== EXTRACTED DATA ==
──────────────────────────────
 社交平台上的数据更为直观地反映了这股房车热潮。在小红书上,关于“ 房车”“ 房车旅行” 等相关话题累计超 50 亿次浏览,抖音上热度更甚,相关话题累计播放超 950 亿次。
──────────────────────────────
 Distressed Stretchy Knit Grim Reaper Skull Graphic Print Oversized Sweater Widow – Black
──────────────────────────────
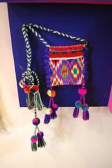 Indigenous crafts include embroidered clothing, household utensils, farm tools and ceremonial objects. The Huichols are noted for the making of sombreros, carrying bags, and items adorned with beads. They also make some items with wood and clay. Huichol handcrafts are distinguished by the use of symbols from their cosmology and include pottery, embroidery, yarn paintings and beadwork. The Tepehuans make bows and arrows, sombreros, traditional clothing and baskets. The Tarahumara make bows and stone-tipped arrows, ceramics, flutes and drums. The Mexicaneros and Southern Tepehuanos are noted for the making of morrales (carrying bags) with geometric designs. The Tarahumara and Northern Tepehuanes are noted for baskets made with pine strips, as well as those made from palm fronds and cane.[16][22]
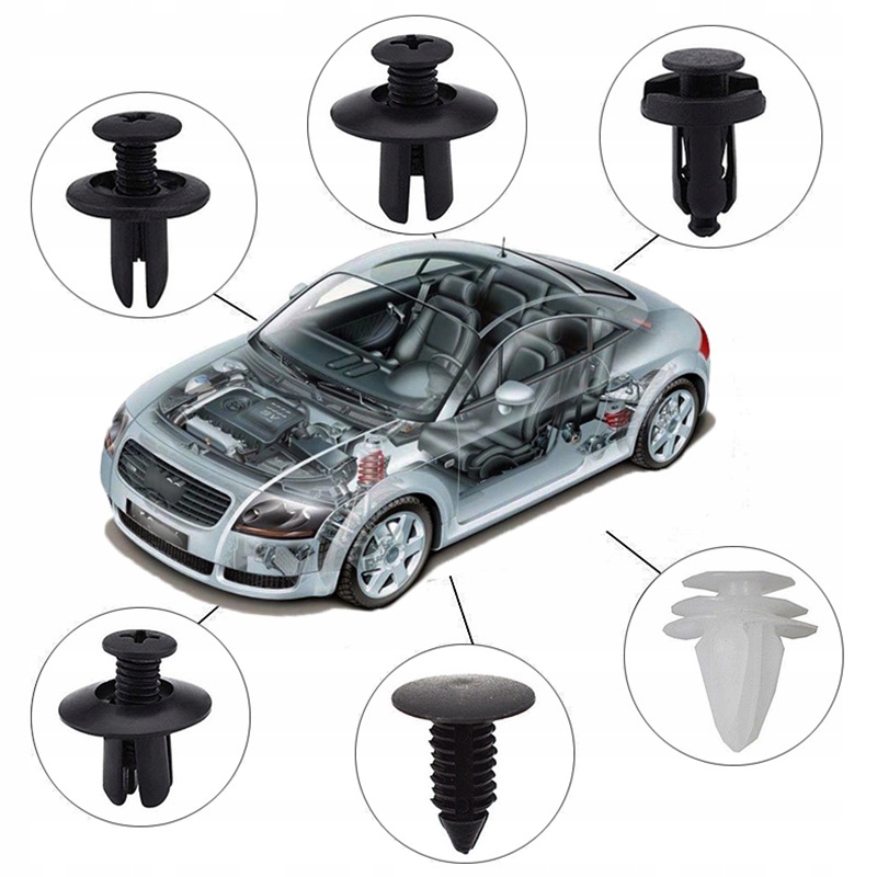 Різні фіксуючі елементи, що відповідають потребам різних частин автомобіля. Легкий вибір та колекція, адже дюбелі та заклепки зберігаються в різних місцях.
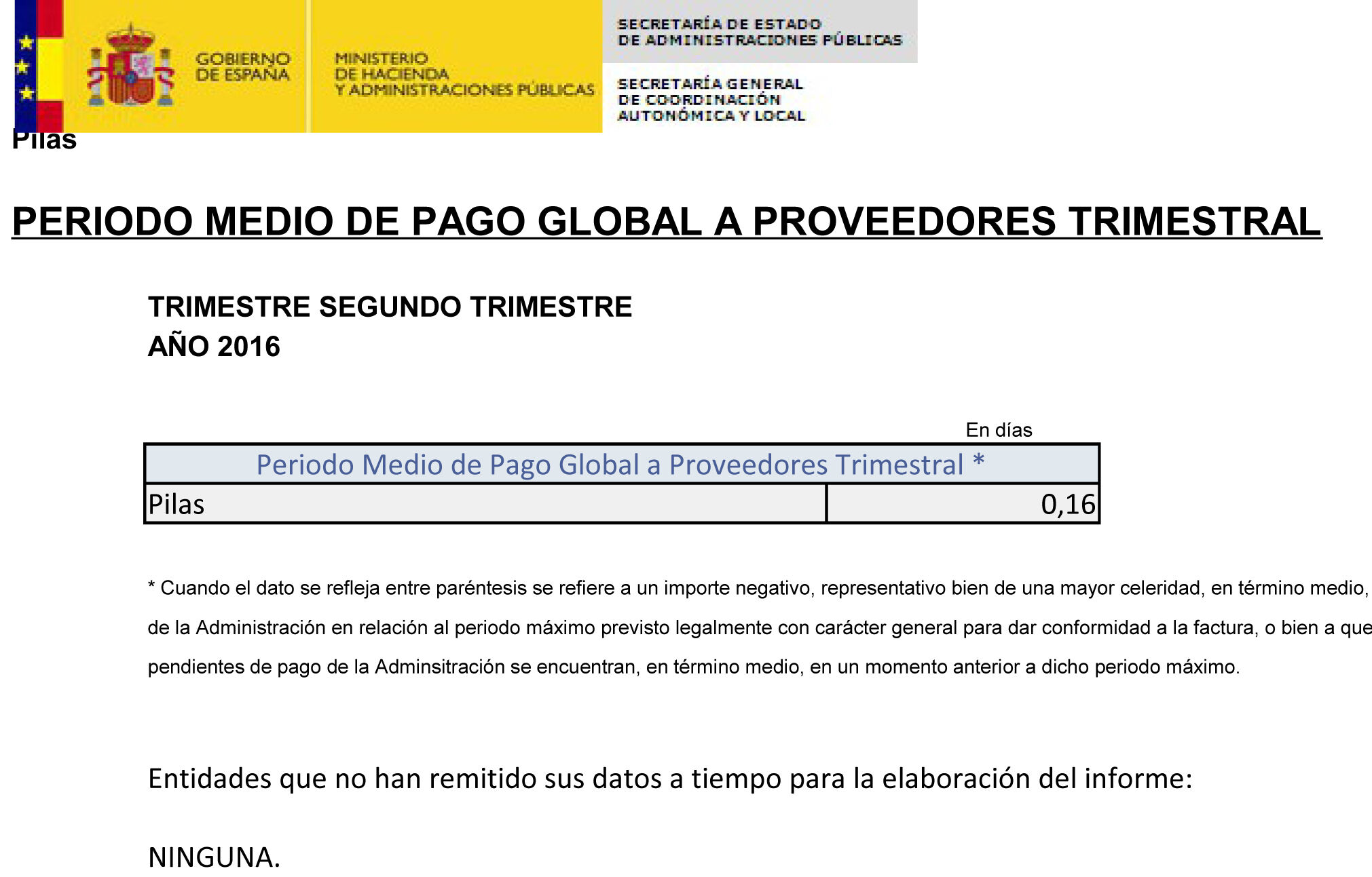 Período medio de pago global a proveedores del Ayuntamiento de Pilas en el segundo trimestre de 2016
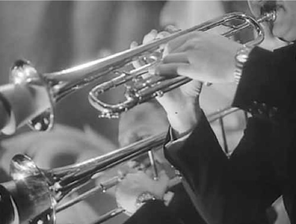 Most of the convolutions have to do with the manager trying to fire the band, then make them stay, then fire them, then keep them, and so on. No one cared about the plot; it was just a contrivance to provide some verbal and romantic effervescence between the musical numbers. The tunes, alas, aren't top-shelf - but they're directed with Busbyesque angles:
──────────────────────────────
== TO DO ==
Within the listing above, print exactly the stretch beginning at the line that contains "Período medio de" and finishing at the line that contains "Most of the", ends kept, pictures left out, and nothing more.

== EXERCISE OUTPUT ==
 Período medio de pago global a proveedores del Ayuntamiento de Pilas en el segundo trimestre de 2016
 Most of the convolutions have to do with the manager trying to fire the band, then make them stay, then fire them, then keep them, and so on. No one cared about the plot; it was just a contrivance to provide some verbal and romantic effervescence between the musical numbers. The tunes, alas, aren't top-shelf - but they're directed with Busbyesque angles:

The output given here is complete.